New professor for Art and Film as of 1.3.2024: Emily Wardill
We warmly welcome Emily Wardill (Univ.prof. § 98 Art and Film at the Institute for Fine Arts) to the Academy of Fine Arts Vienna!
Emily Wardill's practice spans film, video, sculpture, photography and installation. It has been an ongoing enquiry into the imagined image – what it is, what it has been used for and how it leaves indelible motes and shrapnel behind it. This has taken her from examples of entropy to case studies on risk detailing fires attributed to paranormal activity. It has travelled from psychoanalytical case studies on negative hallucination to memory palaces and their relationship to colourless vision. From stained glass as an early device to communicate with the illiterate to the filmic technique of 'day for night' - reversing it to reflect on technological vision, performed gender and imagined utopias.
Wardill’s work has been exhibited at KW, Berlin, Secession, Vienna, Gulbenkian Project Spaces, Lisbon, SMK , Copenhagen, de Appel arts centre, Amsterdam, List Centre MIT Boston, The ICA, London , The Serpentine Gallery, The Hayward Gallery, MUMOK Vienna; and MOCA, Miami. She has shown in the Berlinalle Forum Expanded and the New York and London Film festivals. Her work was awarded the Jarman Award in 2010, the Leverhulme Award in 2011 and the EMAF award in 2021. She participated in the 54th Venice Biennale, the 19th Sydney Biennale and GHOST 2565 Bangkok in 2022.
Wardill has taught at Malmo Art Academy, The University of the Arts Helsinki, Maumaus independent Study Programme, University of British Columbia , Central Saint Martins, Academy of Fine Arts Munich, School of the Art Institute Chicago, National Art School Sydney, Städelschule, Goldsmiths University & the CCA San Francisco.
Teaching has always been an important part of Wardill's work.

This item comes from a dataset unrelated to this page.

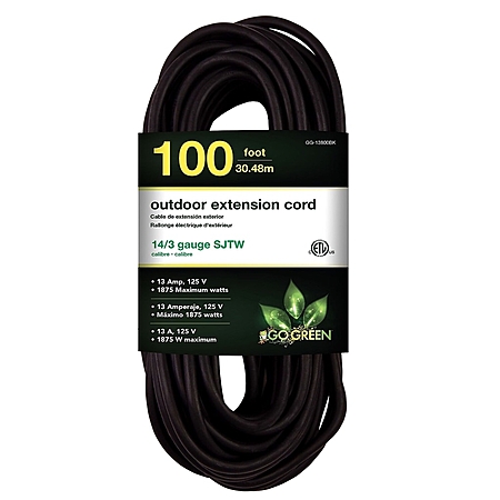 GoGreen Power (GG-13800BK) 14/3 100’ SJTW Outdoor Extension Cord, Black, 100 Ft - $27.00
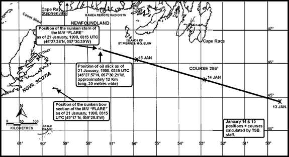 On 16 January 1998, en route from Rotterdam, Netherlands, to Montreal, Quebec, in severe weather conditions, the "FLARE" was approximately 45 miles southwest of the islands of Saint-Pierre-et-Miquelon. The vessel broke in two and the stern section sank within 30 minutes. Thebow section sank four days later off Nova Scotia, on the western side of Banquereau Bank. Twenty-one of the crew perished and four survived. There was widespread, non-recoverable, fuel oil pollution from the sunken stern section.

She has developed courses with students that try to blur the distinction between thinking and making – putting reading 'onto it's feet' , performing close up analysis of single works of art or using practice itself as a model for thinking as a social body. Artist film making is imbricated within technology and it's relationship towards our own vision and consciousness. Film making necessitates collaboration and it's proximity to mainstream moving image provides a fertile space from which to create and divert. The intersection between art and film has always been a place where theory can test itself against fantasy, where the powerful to the displaced can tell their sides of the story, where industry influences and disorientates and makers kick against that. Film making is a part of structures of power that are reflected in sight lines of who gets to see whom and where perspectives can be highlighted and shifted. That artists have the dexterity to use this medium which is much younger than painting or sculpture has a fascinating provenance and an important future.